While the Open Source Initiative rejected SSPL as not meeting open source definition requirements, it has proven effective as a defensive measure. After MongoDB's license change, AWS created a compatible alternative (DocumentDB) rather than directly offering MongoDB as a service.

Complementary Commercial Strategies

Licensing alone isn't enough. Successful open source companies employ multiple strategies:

Cloud Provider Partnerships

Instead of competing, some companies partner with cloud providers. Confluent (Kafka), Neo4j, and MongoDB all have marketplace offerings on major clouds, giving them access to cloud customers while maintaining control of their product.

According to Confluent CEO Jay Kreps, "Working with cloud providers rather than against them lets us focus on product innovation while leveraging their distribution channels."

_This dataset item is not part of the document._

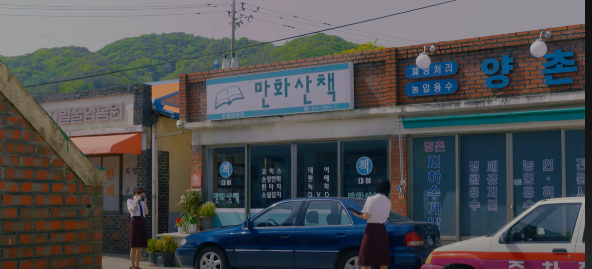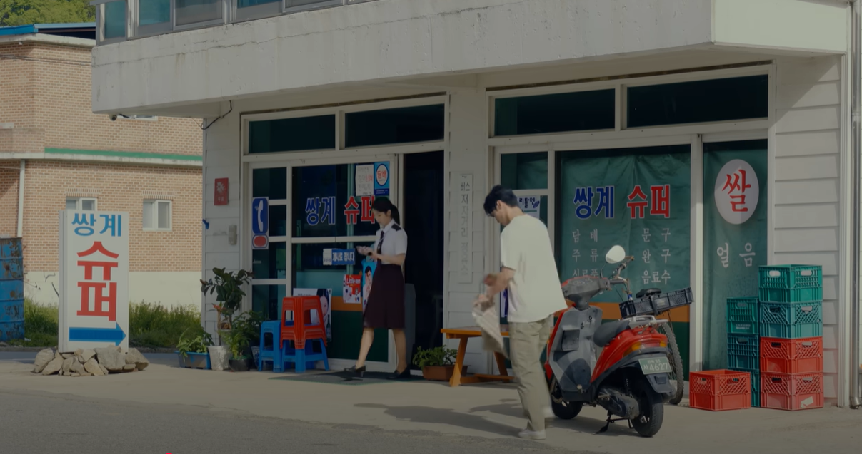 자전거를 타고 슈퍼 앞 벤치에 앉는 장면은 중산리에 있는 ‘쌍계슈퍼’에서 촬영되었습니다.

Differentiated Enterprise Features

Keep your core open source but develop proprietary enterprise features that add significant value:

  • Advanced security and compliance capabilities
  • Enterprise-grade support and SLAs
  • Sophisticated management tooling
  • Integration with enterprise systems

HashiCorp maintained this model for years, with open source Terraform, Vault, and Consul alongside enterprise versions with additional features.

Cloud-First Strategy

Companies like Cockroach Labs and Timescale initially built managed cloud offerings themselves, establishing market position before cloud providers could compete. By delivering superior service quality, specialized for their technology, they created a defensible position.

CockroachDB's CEO Spencer Kimball noted, "We don't just offer Cockroach as a service—we offer the definitive experience built by the creators who understand it best."

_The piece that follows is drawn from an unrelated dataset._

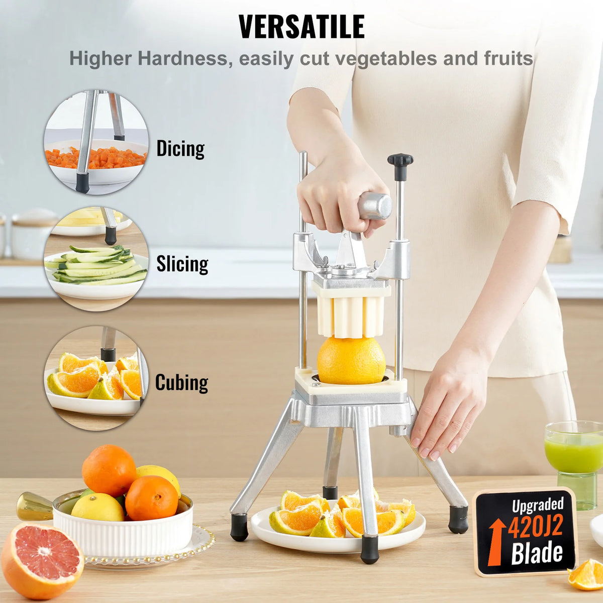 - Spara tid med snabba, jämna snitt för potatis, morötter, gurkor, äpplen och mer – utmärkt för sallader, pommes frites och förberedelsearbete.

The Role of Community Building

A strong, engaged community provides a competitive advantage cloud providers struggle to replicate:

  • Community contributions improve the product
  • Users become advocates and educators
  • The ecosystem builds complementary tools
  • A talent pipeline develops for hiring

As Redis Labs founder Salvatore Sanfilippo observed, "AWS can copy our code, but they can't copy our community."

Making the Right Choice for Your Project

There's no one-size-fits-all solution. Your approach should depend on:

  1. Project maturity: Early-stage projects benefit from permissive licensing to drive adoption
  2. Business model: How you monetize affects licensing decisions
  3. Resources: Defending against cloud providers requires substantial resources
  4. Community values: Some communities resist restrictive licensing

Key Takeaways for Open Source Companies

The competition with cloud providers isn't disappearing, but you can take proactive steps:

  1. Consider defensive licensing early, before cloud providers target your market
  2. Build value beyond the core open source project that's difficult to replicate
  3. Develop direct cloud offerings to establish your position
  4. Cultivate a strong community as a competitive advantage
  5. Create partnerships rather than pure competitive relationships

By combining thoughtful licensing with strong product differentiation and community building, open source companies can protect their innovations while maintaining the collaborative spirit that makes open source powerful.

The future likely belongs to companies that balance openness with sustainability, creating models where both the community and commercial entities benefit from ongoing innovation.